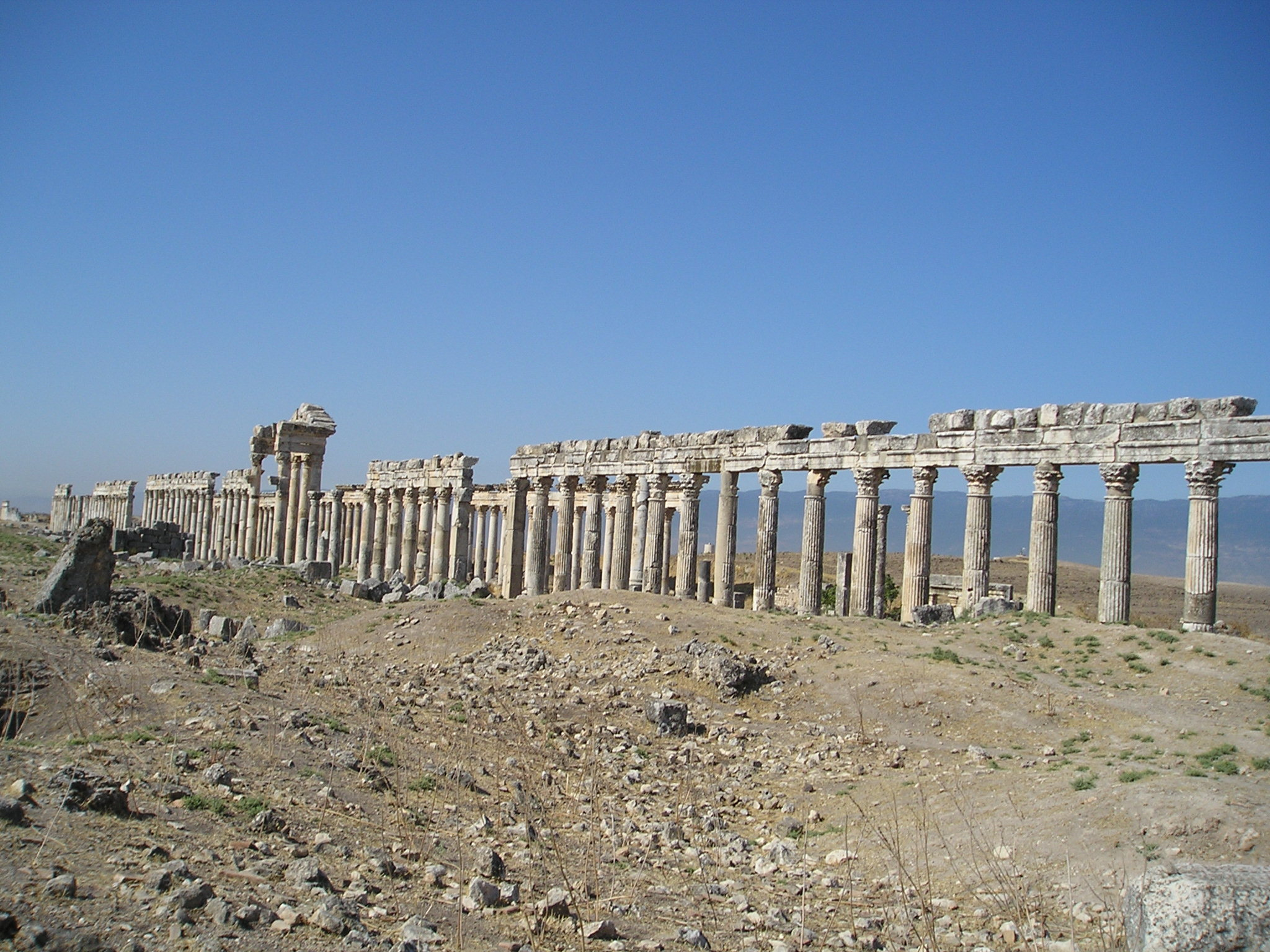 Apamea, Syria - a view of Cardo from east.
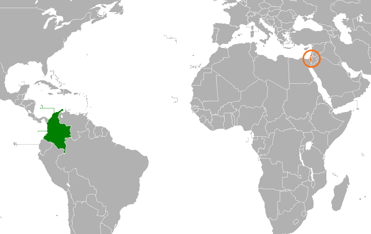 Map locator of Colombia and Israel
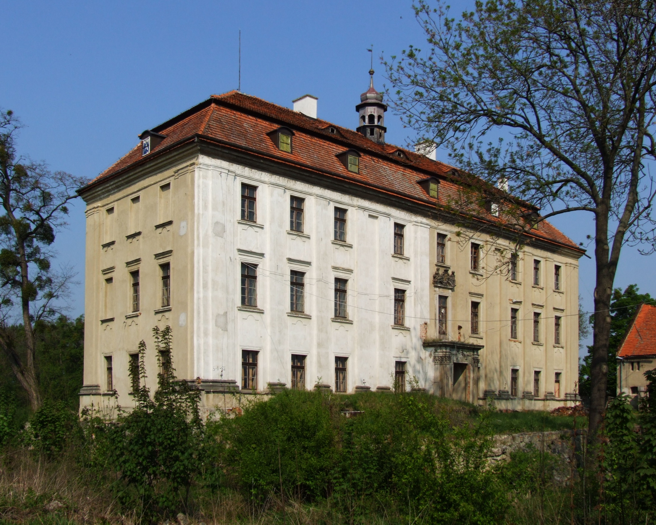 Castle in Sokolniki (Wättrisch), Lower Silesian Voivodeship, Poland
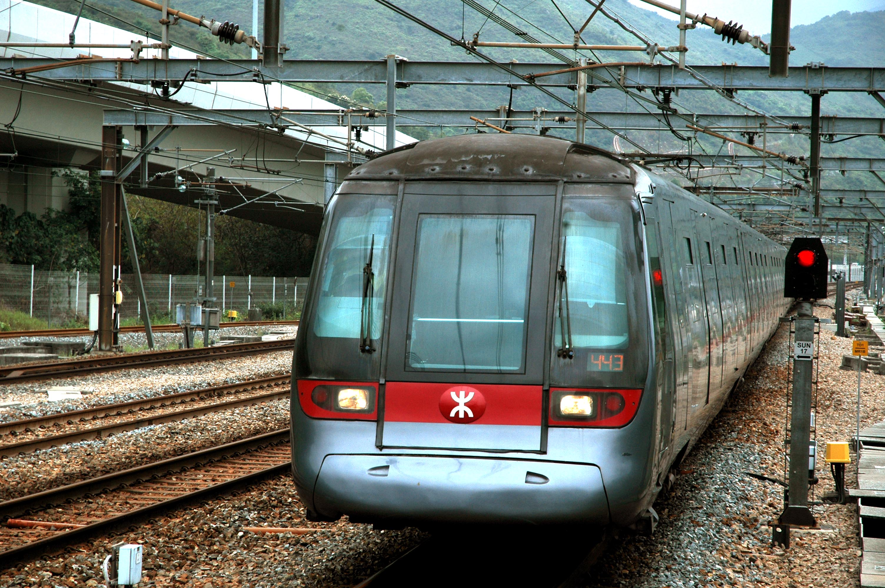 Tung Chung Line Adtranz-CAF EMU (A-Train) arriving at Sunny Bay Station.中文（香港）: 東涌綫Adtranz-CAF電動列車抵達欣澳站
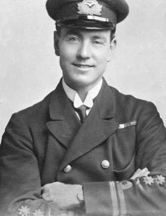 Roderick Stanley (Stan) Dallas, No 1 Squadron, RNAS. Born in Queensland, Dallas sailed to England at the start of the First World War, seeking flight training and after being accepted into the RNAS, was commissioned as a Flight Sub Lieutenant, joining No 1 Squadron in December 1915. During his service on the Western Front, in 1916 and 1917, he proved himself as an exceptional pilot and on 14 June 1917 he was made Commanding Officer of his Squadron. In 1918 after the amalgamation of the two air services to form the Royal Air Force (RAF), he was transferred to 40 Squadron RAF and held the rank of Major. While on a reconnaissance operation, Dallas was struck with 3 bullets to his leg, after his safe return to base he was awarded the Distinguished Service Order (DSO) having already been awarded the Distinguished Service Cross (DSC) and Bar and the French award, the Croix de Guerre and Palm. Major Dallas was killed in action on 1 June 1918, aged 26, while engaged in combat with Fokker Triplanes over France and is buried at Pérnes British Cemetery, Pas de Calais, France. Major Dallas is officially credited with shooting down thirty nine enemy aircraft.
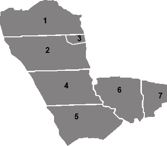 map of the constituencies in Kunene region in Namibia

- - - - - - -

▸ Problem to work on: Leaving out every picture, copy exactly the lines from the one that contains "Castle in Sokolniki" through the end of the entries above.

▸ Solved exercise:
 Castle in Sokolniki (Wättrisch), Lower Silesian Voivodeship, Poland
 Tung Chung Line Adtranz-CAF EMU (A-Train) arriving at Sunny Bay Station.中文（香港）: 東涌綫Adtranz-CAF電動列車抵達欣澳站
 Roderick Stanley (Stan) Dallas, No 1 Squadron, RNAS. Born in Queensland, Dallas sailed to England at the start of the First World War, seeking flight training and after being accepted into the RNAS, was commissioned as a Flight Sub Lieutenant, joining No 1 Squadron in December 1915. During his service on the Western Front, in 1916 and 1917, he proved himself as an exceptional pilot and on 14 June 1917 he was made Commanding Officer of his Squadron. In 1918 after the amalgamation of the two air services to form the Royal Air Force (RAF), he was transferred to 40 Squadron RAF and held the rank of Major. While on a reconnaissance operation, Dallas was struck with 3 bullets to his leg, after his safe return to base he was awarded the Distinguished Service Order (DSO) having already been awarded the Distinguished Service Cross (DSC) and Bar and the French award, the Croix de Guerre and Palm. Major Dallas was killed in action on 1 June 1918, aged 26, while engaged in combat with Fokker Triplanes over France and is buried at Pérnes British Cemetery, Pas de Calais, France. Major Dallas is officially credited with shooting down thirty nine enemy aircraft.
 map of the constituencies in Kunene region in Namibia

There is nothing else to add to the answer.